● PROBLEM TO WORK ON
Beginning with the top line of the listing below, give again every line up to and including the line with "CHARMING ONE FAMILY"; pictures do not belong in the copy.

★ ★ ★ ★ ★

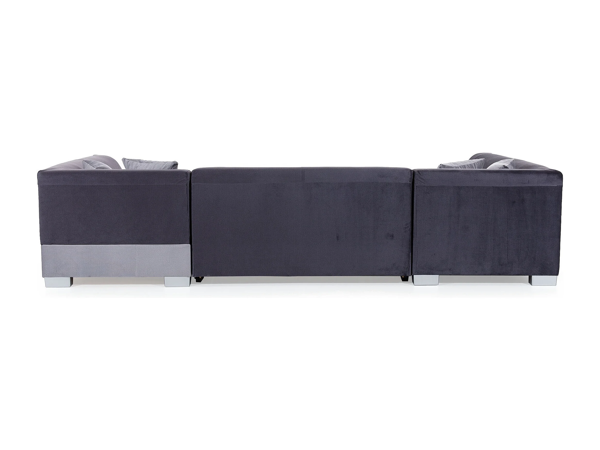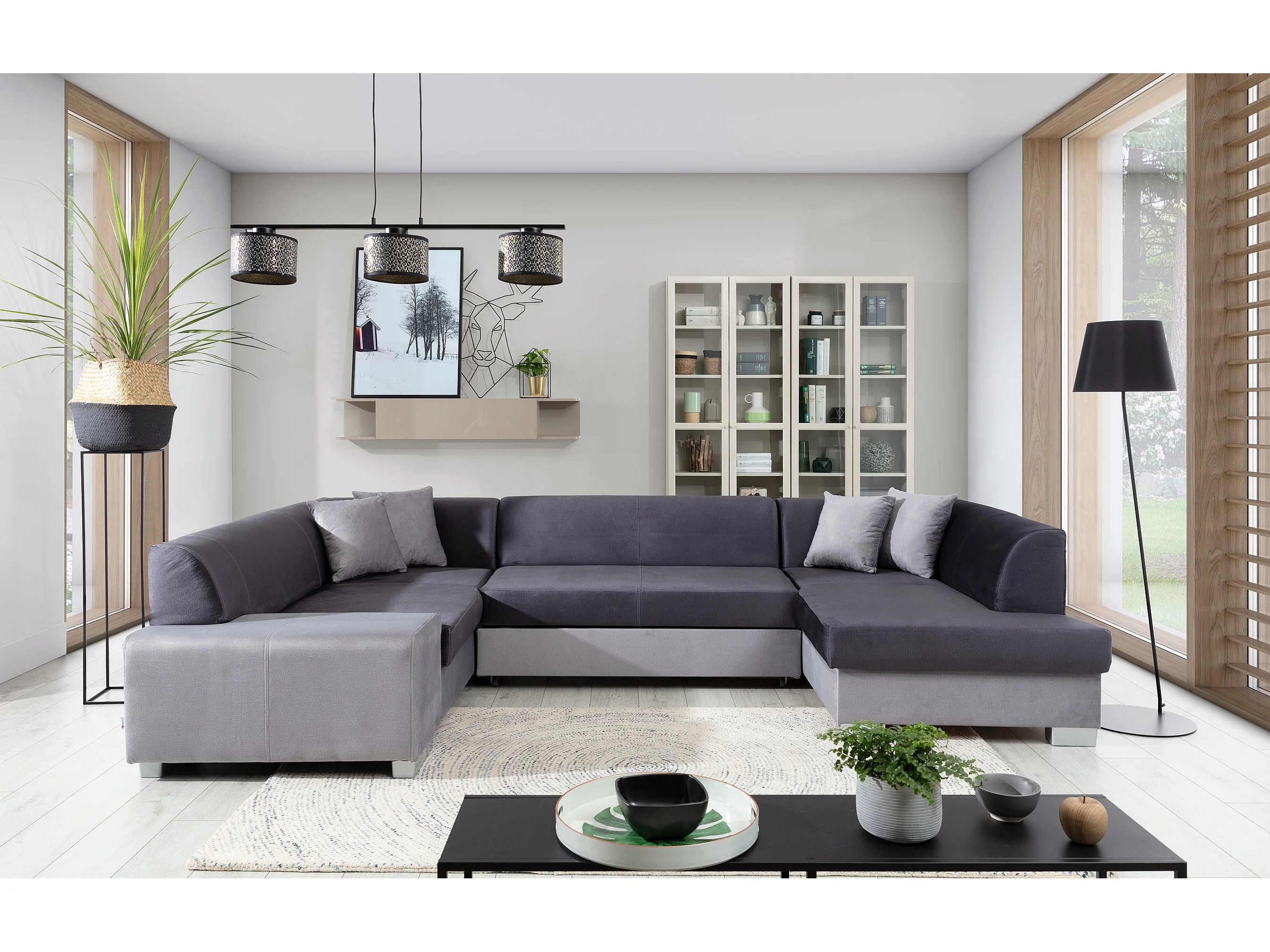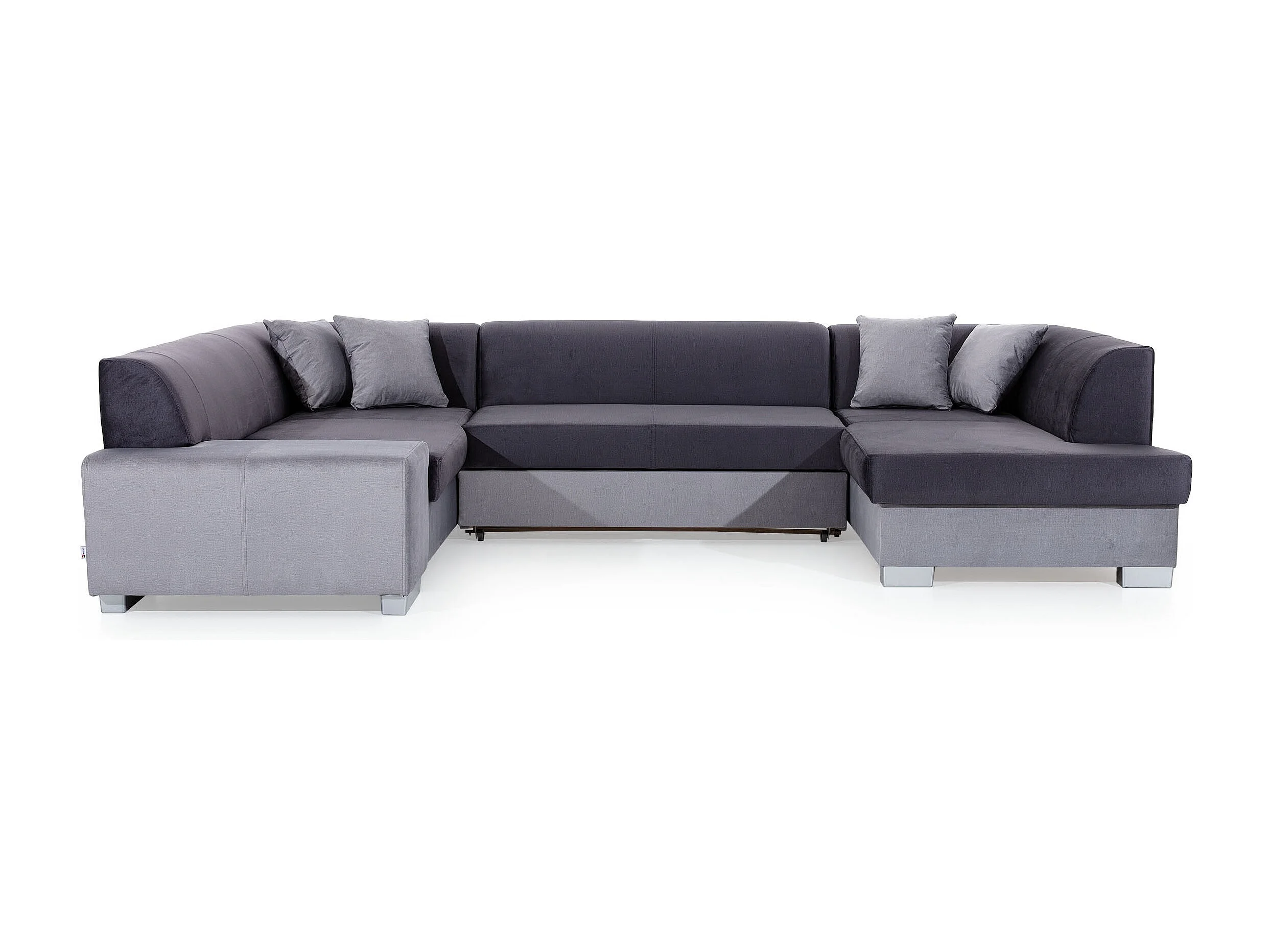 Canapé panoramique convertible HOUSTON en velours avec coffre de rangement-Gris clair/Gris-Coffre à droite
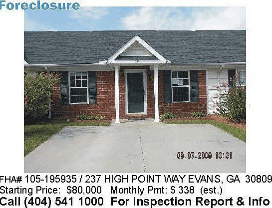 CHARMING ONE FAMILY HOME IN AUGUSTA, GA! THIS HOME HAS 2 BEDROOMS AND 2 BATHROOMS! GREAT FAMILY HOME! This is a HUD property (see HUD number above). This property can be purchased with 3% down with less than perfect credit. Any repairs needed, can be put into the loan amount. Call Robert for details. TOLL FREE: 866-731-6529.For a complete list of HUD properties, go to www.hudusa.info
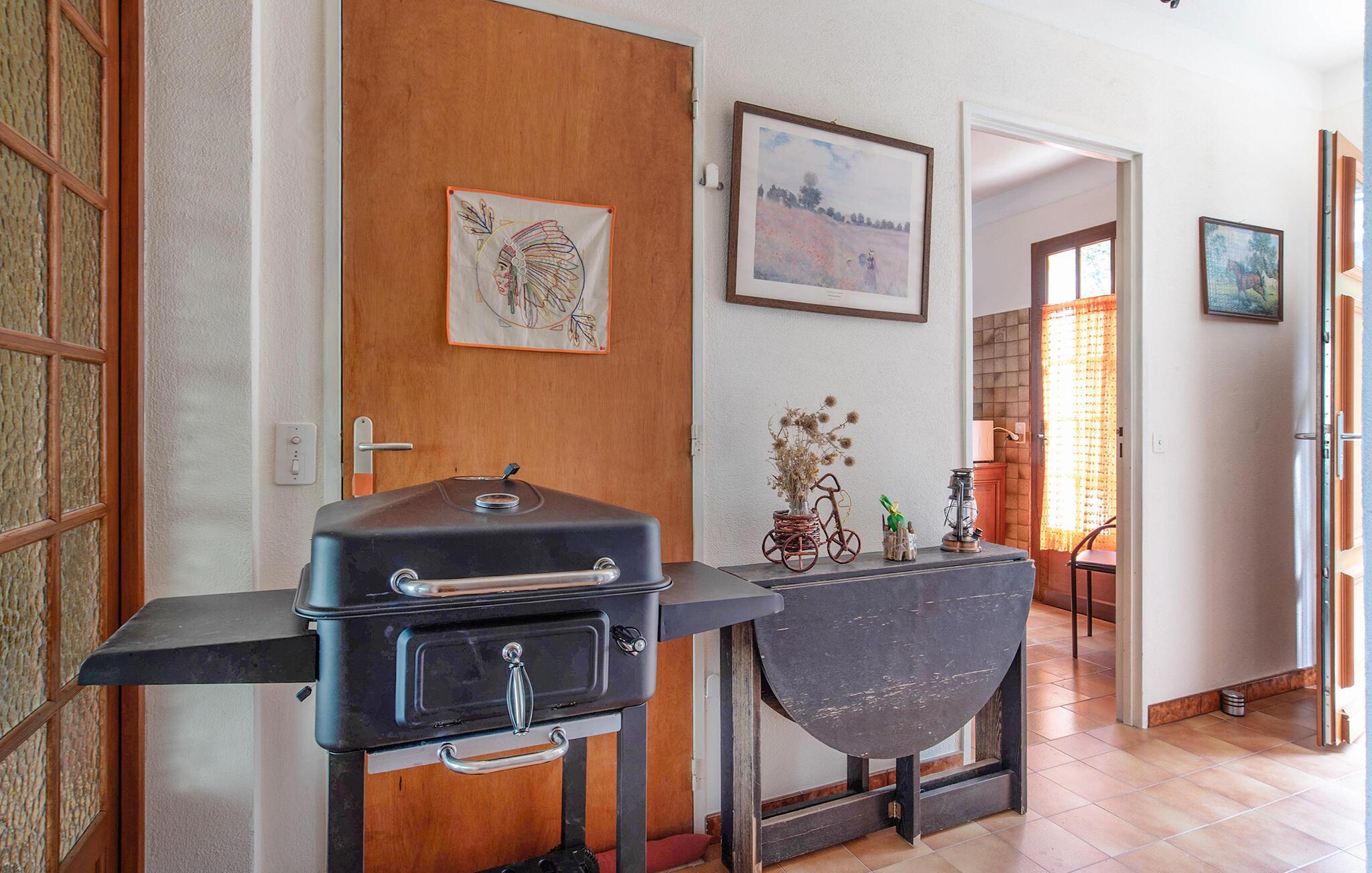 Velkommen til dette hyggelige feriehus, hvor I kan nyde en smuk udsigt over de omkringliggende bjerge, omgivet af et frodigt, grønt landskab. Her kan I trylle lækre retter frem sammen, planlægge jeres aktiviteter over afslappende måltider og afslutte en aktiv dag med en harmonisk spilleaften.
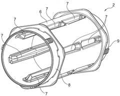 - Module design to minimize fiber stress: Optimized module design can significantly reduce stress on hollow fibers, thereby minimizing breakage. Key design elements include improved flow distribution, prevention of fiber movement, and elimination of stress concentration points. Proper potting techniques, strategic fiber packing density, and enhanced header designs can protect fibers from mechanical damage. Additionally, shock-absorbing components and flexible mounting systems can mitigate the effects of pressure surges and vibration.
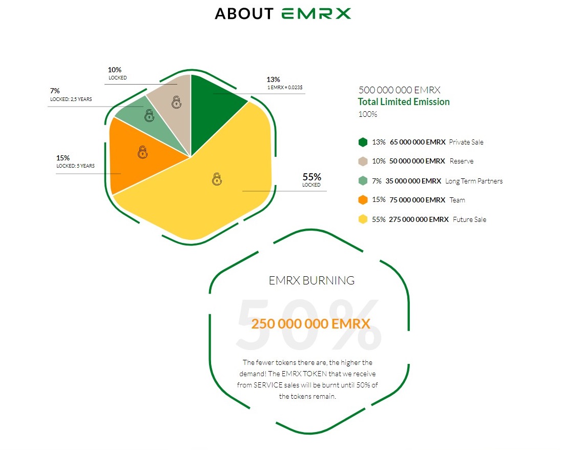 - 55% токенов Emirex зарезервировано для будущих продаж.
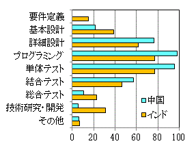 オフショア開発の主目的は「開発コストの削減」である。そのため、委託分野は詳細設計、プログラミング、単体テストなどの労力集中型の下流工程が主である。
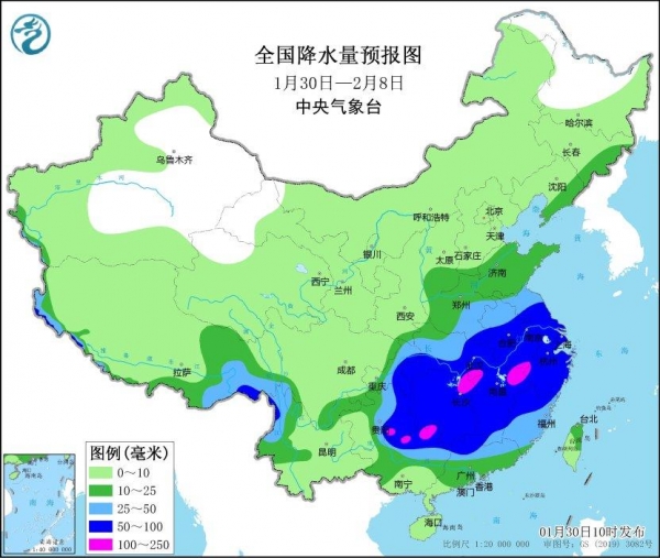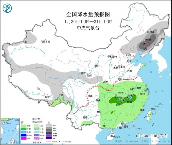 随着寒潮持续降临,中东部有大范围持续性强雨雪天气。江南、黄淮、江汉、江淮、华南中北部等地累计降水量有10~40毫米。华北、东北地区东南部等地累计降水量有3~10毫米;上述地区降水量较常年同期显著偏多。
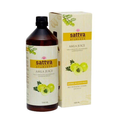- Sok z amli (Emblica officinalis) to tradycyjny składnik ajurwedy, ceniony za swoje właściwości wspomagające trawienie, regularność wypróżnień i zdrową masę ciała. Idealny do codziennego spożywania na czczo – w formie rozcieńczonego napoju.
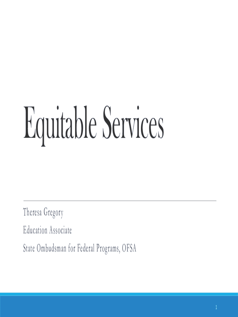 Equitable Services T h e r ESA G r e g o r y E d u ca ti o n A s s o c i an S t a t e Om b u d man f o r Fe d e ran P r o g rams, OF S A1Housekeeping To reduce distractions during the presentation,
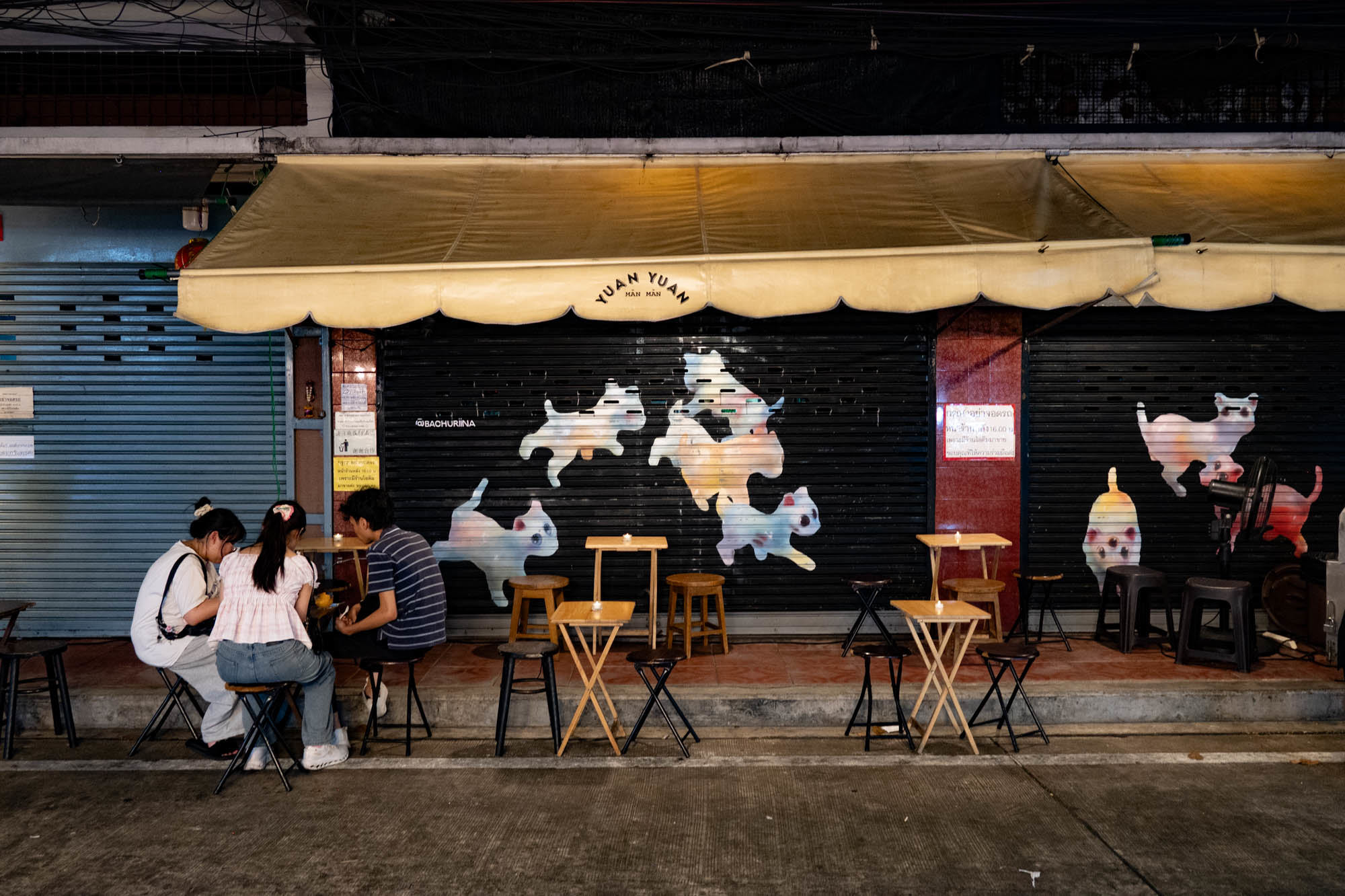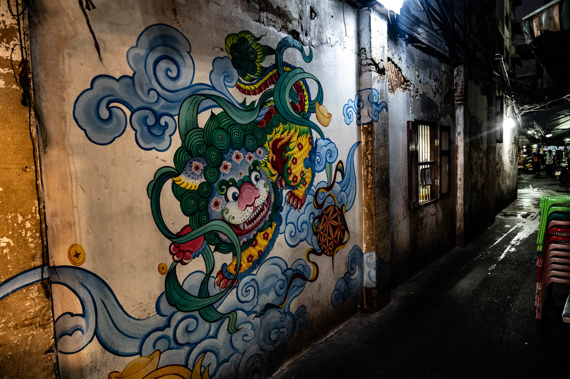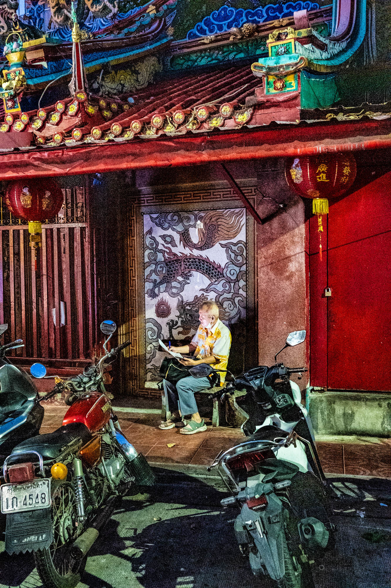 Another day of ordinary things. Bangkok is full of them. Old things, modern things, strange things and sometimes things that are just very, very cool.And yes, they have dentists too. Fast, no appointment needed, and for thirty euros they’ll make your teeth presentable again. I ended up at Dr. Dentreat. A perfectly good dentist. Whether it was a man or a woman, I’m still not entirely sure, the constant spraying made visibility somewhat limited. ‘They’ didn’t speak any English, so asking questions was pointless. The assistant did, but I could barely understand her. I probably missed a whole series of excellent recommendations and am now unknowingly ignoring something essential. Time will tell. Before that, I took a walk through Talat Noi, a neighborhood where parts of the old Chinatown are still standing. Not so much thanks to preservation, but to the younger generation, who see opportunity in decay and start bars, coffee spots, and creative hangouts. The result: great places to eat, drink, chill and mostly to sit on your phone. Taking photos with a camera like mine was hardly allowed anywhere. Luckily, I still carry one of those old-fashioned two-kilo cameras. People don’t always quite understand what it is, which gives just enough leeway to get away with it. Everywhere you look: graffiti and murals. Sometimes funny, sometimes raw, often genuinely good. I shot a series here a few years ago, and the level has only improved. Real art, tucked away between rust, clutter, and renovation. One thing stands out: images of the old king are still everywhere. The new one clearly doesn’t resonate in quite the same way. To put it mildly, he hasn’t exactly made much of an impression. And then, in the evening: Chinatown.
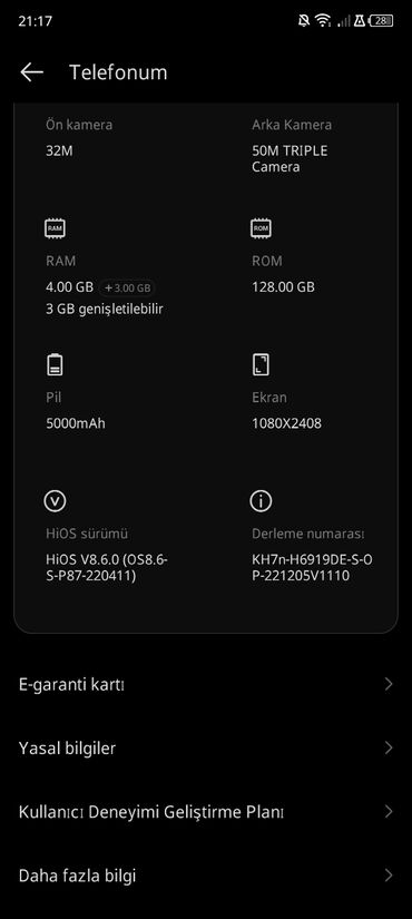 - Sistem: Android 12 əsaslı HiOS 8.6
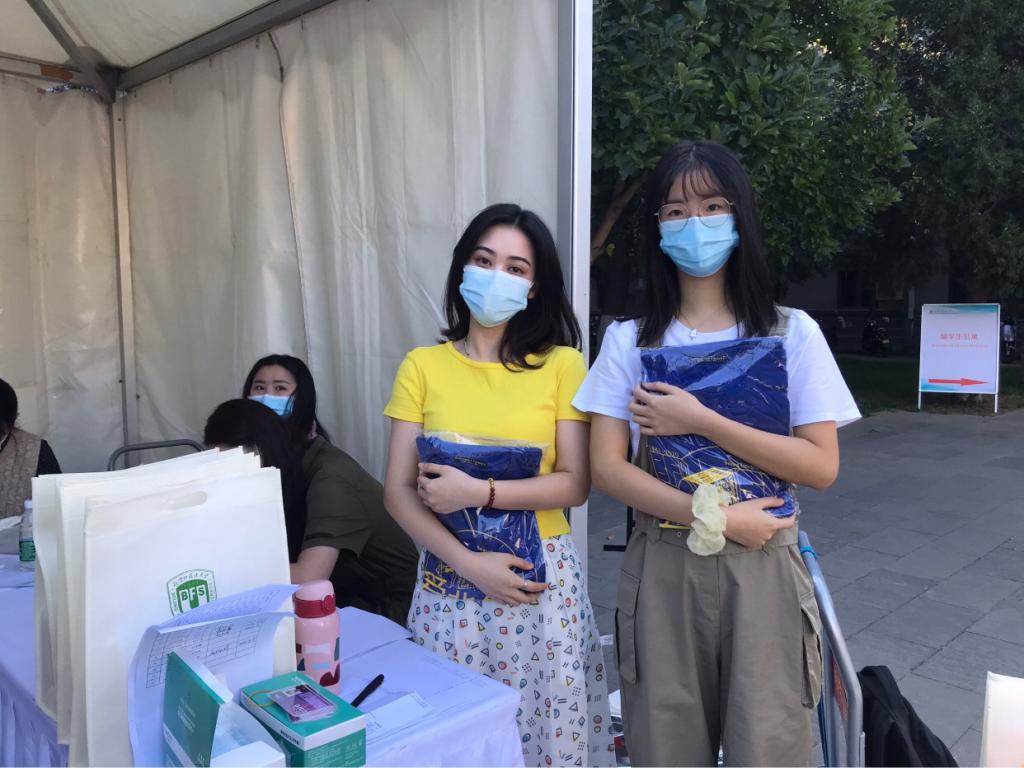 迎新小分队早上7点半前往迎新点开始相关准备工作,8点左右,新生陆续到达,依次出示有效核酸检测阴性证明、入校承诺书及党团关系档案,领取员工证、一卡通以及由文化衫、《习近平谈治国理政》(第三卷)、迎新手册等组成的新生大礼包,最后确认新生注册并在花名册上签字。在此期间,迎新小分队的成员热情、有序地接待了每一位新生,耐心地为他们解答相关问题,只为以最热情周到的服务给师弟师妹们最好的开始。

★ ★ ★ ★ ★

● RESPONSE TO THIS TASK
 Canapé panoramique convertible HOUSTON en velours avec coffre de rangement-Gris clair/Gris-Coffre à droite
 CHARMING ONE FAMILY HOME IN AUGUSTA, GA! THIS HOME HAS 2 BEDROOMS AND 2 BATHROOMS! GREAT FAMILY HOME! This is a HUD property (see HUD number above). This property can be purchased with 3% down with less than perfect credit. Any repairs needed, can be put into the loan amount. Call Robert for details. TOLL FREE: 866-731-6529.For a complete list of HUD properties, go to www.hudusa.info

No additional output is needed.